*** Begin section ***

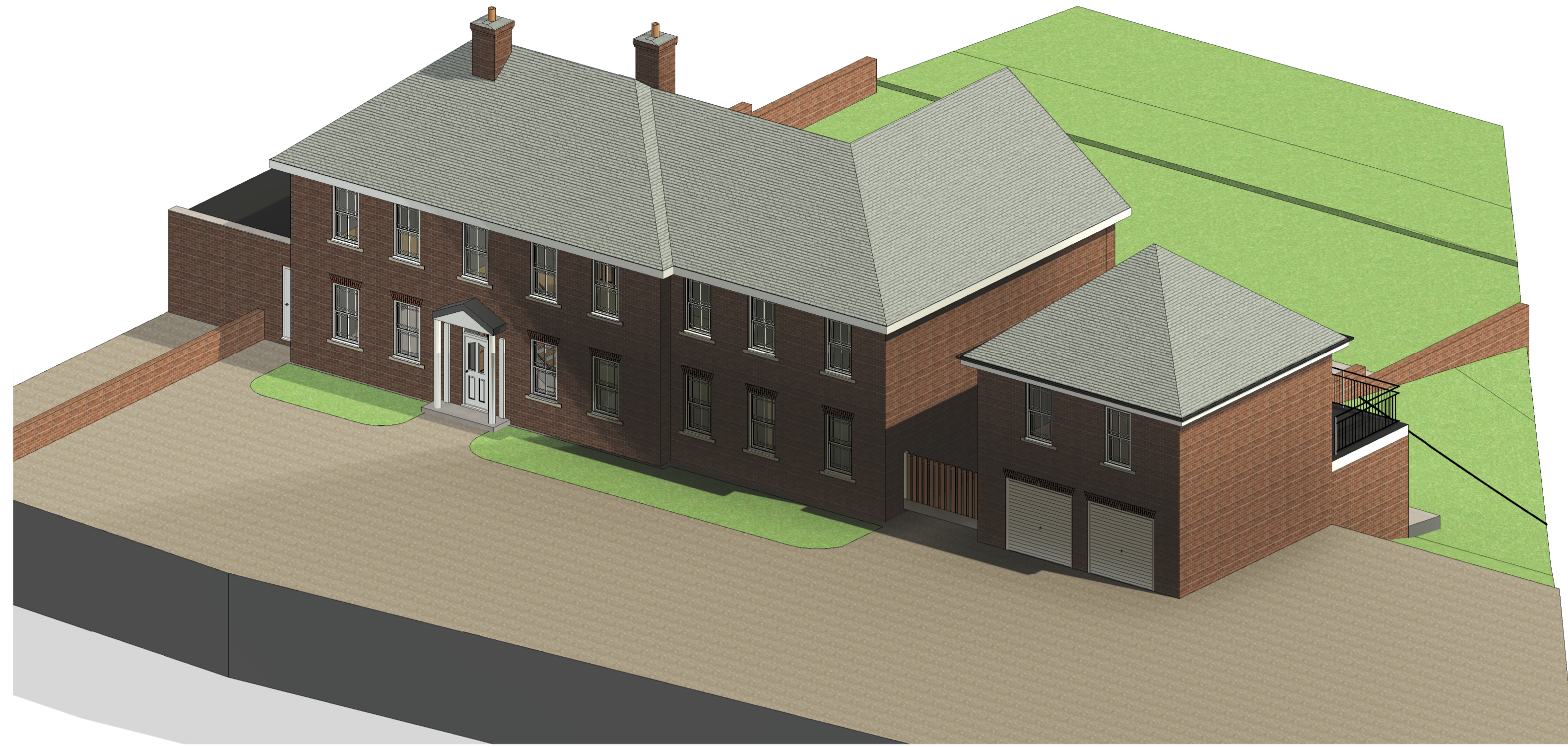
1 Principal Elevation
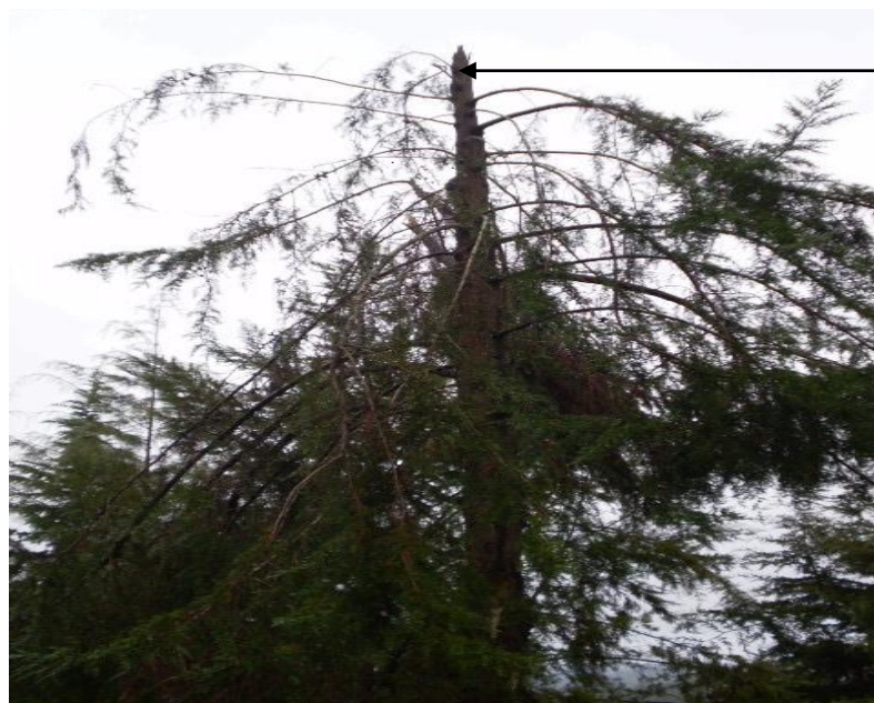
Loss of apical dominance due to debarking subsequently leading to a broken top and dieback

Debarking was found to impact negatively on the tree growth. However, the impact was only visible mostly on age cohort > 20 compared to 5-10 and 11-20 years. Sampled debarked trees in age cohort >20 showed loss of apical dominance and broken tops especially where debarking occurred in the upper (3) part of the tree (figure 2).
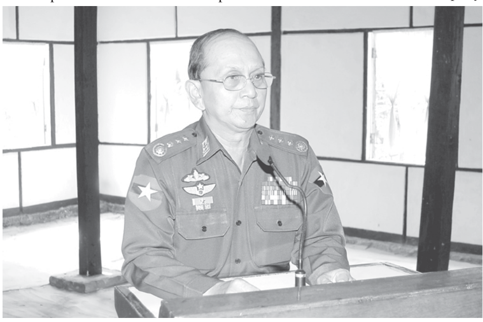
Prime Minister General Thein Sein meets with departmental officials, members of social organizations and local people in Myebon Township, Rakhine State.
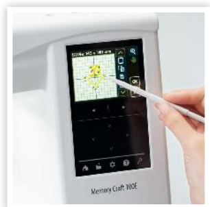
3.5" LCD COLOR TOUCH SCREEN
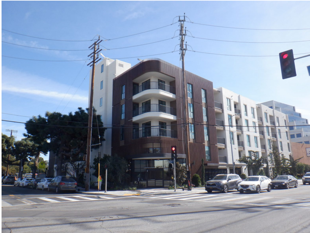
View from the corner of Missouri St. & Bundy.
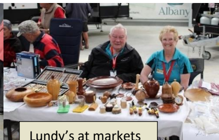
Lundy's at markets
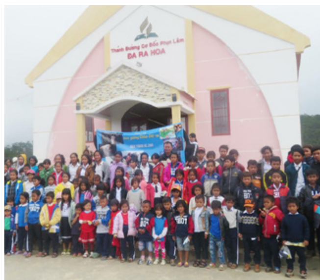
► VBS Children in Quang Ngãi, Central Vietnam

In early June, VBS was organized in Phu Nhuan Church in HCM city. This year our VBS Theme is "Service Others Like Jesus Did" After 8 days attended VBS they finished by Musi-
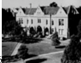
Record ID UMA/I/2036
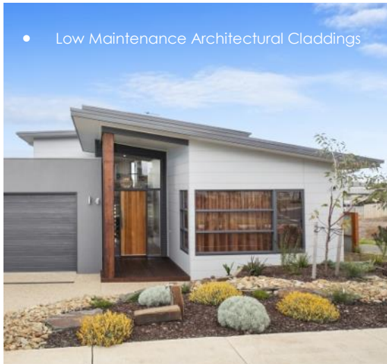
• Low Maintenance Architectural Claddings
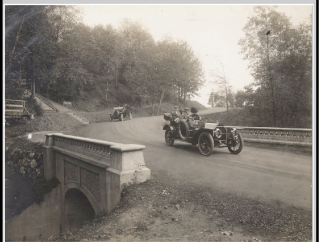
Waterfall Bridge - 1911
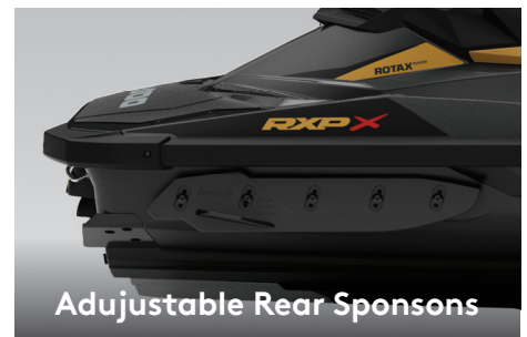
Adjustable Rear Sponsons

Limits bow rise and improves performance in all water conditions.
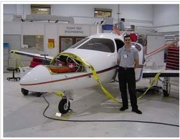
Caption: The happiest kid in the world is the chief engineer of the coolest airplane ever!

They just keep getting better! The numerous concepts and their wide variety reflects the fact that Swift really wants this business! The first set of concepts was revealed at nearly the same time that the IRL released its list of desirable attributes for the next Indycar, so our first concepts went in a different direction. The next set of concepts incorporated guidance from both the IRL and the fans who made suggestions on many of the racing blogs. The current concept is a further refinement and smoother integration of the many inputs, and it is sure to evolve more in the near future. Our concept can be built by Swift right now, since Swift is the only bidder who does not need a start-up manufacturing operation to build real American-made Indycars!
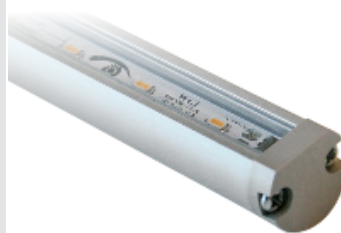
(Beam Angle based on 2RL fixture with Clear Acrylic lens)
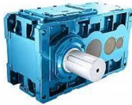
Helical Bevel Helical Gearboxes
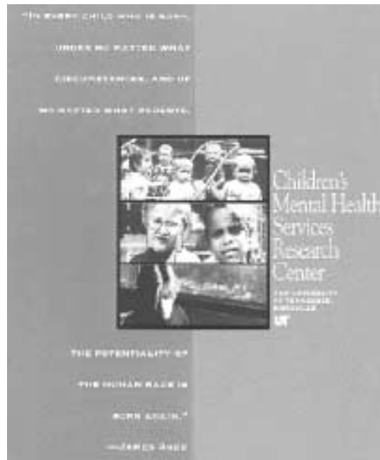
For more information about the Children's Mental Health Services Research Center, visit the Center's website at http://social33.csw.utk.edu/

The Center recently assisted two junior UTK College of
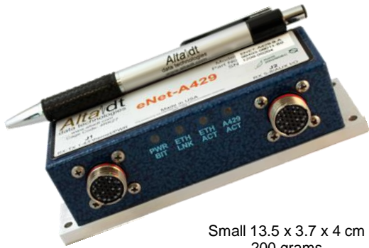
Small 13.5 x 3.7 x 4 cm 200 grams
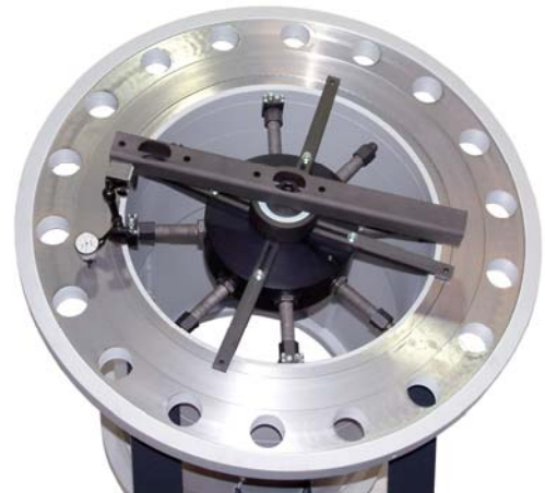
Inserting and aligning the clamping device

The straightforward design of the clamping device allows for easy installation and alignment within a short period of time.
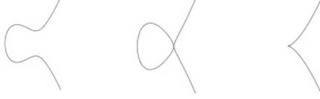
Figure 1: The three possibilities for the curve x_1^3 + ax_1x_2^2 + bx_3^3 - x_2^2x_3 = 0 : an elliptic curve, a curve with a double root, and a curve with a cusp.

generated by x_2^3 , (tx_1 \pm r(t)x_2 + x_3)^3 , for any t \in \mathbb{C} , and by all monomials of degree 4. We have
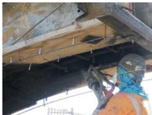
Fig. 6: Shooting the mockup

the conversion was accomplished with minimal down time.
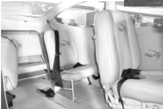
Labor of love: interior specially upholstered seats by Pam Rossi.

*** End section ***

Pictures are to be omitted; otherwise, every line from the first line of the listing through the line containing "Caption: The happiest" must be reproduced exactly, both ends included.

● **RESULT BELOW**
1 Principal Elevation
Loss of apical dominance due to debarking subsequently leading to a broken top and dieback

Debarking was found to impact negatively on the tree growth. However, the impact was only visible mostly on age cohort > 20 compared to 5-10 and 11-20 years. Sampled debarked trees in age cohort >20 showed loss of apical dominance and broken tops especially where debarking occurred in the upper (3) part of the tree (figure 2).
Prime Minister General Thein Sein meets with departmental officials, members of social organizations and local people in Myebon Township, Rakhine State.
3.5" LCD COLOR TOUCH SCREEN
View from the corner of Missouri St. & Bundy.
Lundy's at markets
► VBS Children in Quang Ngãi, Central Vietnam

In early June, VBS was organized in Phu Nhuan Church in HCM city. This year our VBS Theme is "Service Others Like Jesus Did" After 8 days attended VBS they finished by Musi-
Record ID UMA/I/2036
• Low Maintenance Architectural Claddings
Waterfall Bridge - 1911
Adjustable Rear Sponsons

Limits bow rise and improves performance in all water conditions.
Caption: The happiest kid in the world is the chief engineer of the coolest airplane ever!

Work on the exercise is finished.